## In the Middle – Weighted Average, Part IV

In previous posts I’ve been having fun showing different conceptions of middle, of weighted average, and how those concepts all hang together.

In this post, we’ll play with a generalization of these ideas into two dimensions. In this picture, we see another line with red endpoints, but this time the line is not horizontal, this time the lime doesn’t line up with the number line.  Instead, the line is above the number line, one endpoint is above 42 and the other endpoint is above 62.  What we’ve done here is show two number lines, one horizontal and one vertical.  Together, they form two coordinate axes, and they give us a cool way – brought to us by Descartes in the seventeenth century – of locating points and shapes by reference to a set of numbers.  The bottom-left red endpoint can be precisely located by quoting two numbers: 42 and 6.  The number 42 is known as the x-coordinate and the number 6 as the y-coordinate; the endpoint is directly above 42 on the x-axis and directly to the right of 6 on the y-axis.  Similarly, the upper-right red endpoint has coordinates 62 and 14.  The notation (42,6) and (62,14) is the standard short-hand notation for this.

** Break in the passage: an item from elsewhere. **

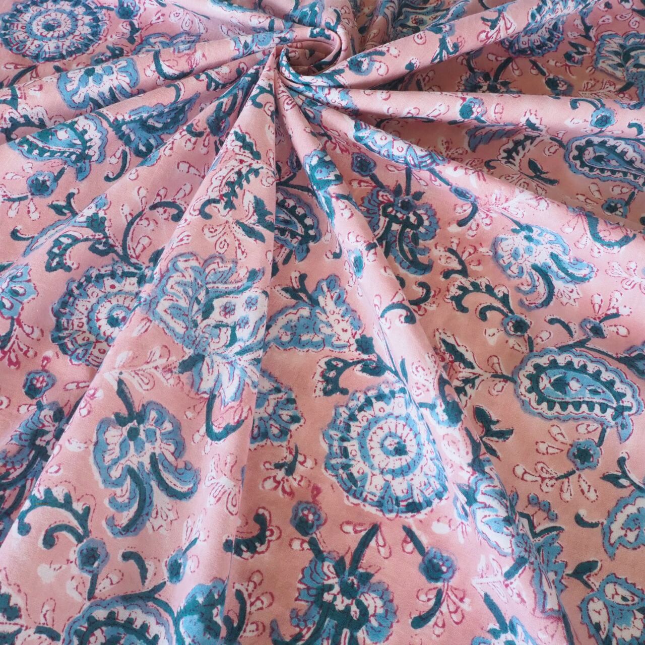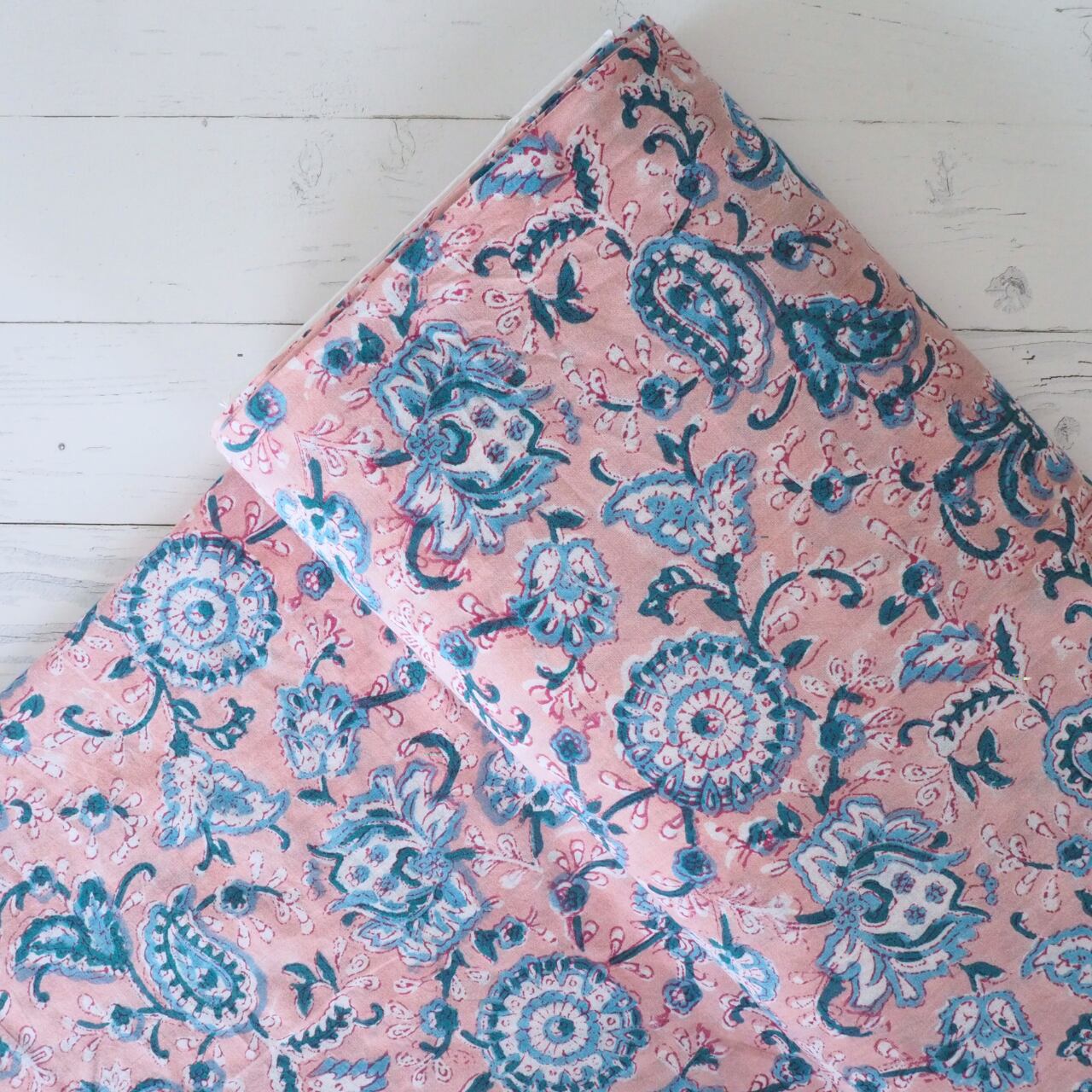 ブロックプリント生地【50cm単位】インド綿 花柄&ペイズリー ピンク #24154-PK1

Where’s the middle between the two red endpoints?  Of course we could ignore the coordinate axes altogether, and pull out one of our approaches from before: have two people walk towards each other, starting from opposite end points, walking at the same rate.  If the two people had rulers, they could mark off equal distances, in a coordinated way, and get closer and closer together, till the middle was easy to spot.  Really, the only difference between the previous situations and this one is that the line doesn’t have regular blue delineations.

And yet – if we imagine two people walking towards each other from the two red endpoints, it is clear that they would also get closer together in the horizontal direction, and closer together in the vertical direction.  When they meet, they have closed the entire gap in the horizontal direction as well as in the vertical direction.  It is not hard to figure that the place they meet must be halfway in the horizontal direction and halfway in the vertical direction.

The number lines are helpful in figuring out where halfway in the horizontal direction is and where halfway in the vertical direction is.  We can figure these out separately and independently, one on the x-axis and one on the y-axis.  The halfway point on the x-axis is at 52, the halfway point on the y-axis is at 10.  When we look at the point (52, 10) – that is, the point with x-coordinate of 52 and y-coordinate of 10 – we see that this point does indeed lie on the line, and does appear to lie halfway between the endpoints.

What we saw here for ‘middle’ turns out to work just as well for weighted average.  To find the weighted average of the two end points, we can independently figure out the weighted average horizontally and vertically.  If we want to find the point on the line that’s 75% towards the upper right, we can find the number on the horizontal number line that’s 75% from 42 to 62, and then find the number on the vertical number line that’s 75% from 6 to 14.

If we give the upper-right endpoint a weight of w, and the lower-left endpoint a weight of 1-w, we can find the coordinates of the weighted average as follows: $\begin{matrix} x & = & (1-w) \times 42 & + & w \times 62 \\ y & = & (1-w) \times 6 & + & w \times 14 \end{matrix}$

This particular way of writing this is known as the parametric equation of a line through two points.  By varying w, we can find the coordinates of all kinds of points on the line.  If we keep w between 0 and 1, we get the line segment; if we allow w outside of 0 to 1, we get the line extended arbitrarily long in both directions.

A fancier way of writing the above equation uses the (x,y) notation for points: $(x,y) = (1-w) \times (42,6) + w \times (62,14)$

The equations and the notations are not the thing I want to stress here.  What I want to stress is that you can think of the line as the collection of weighted averages of the two endpoints!  The various equations are just other ways to express that notion.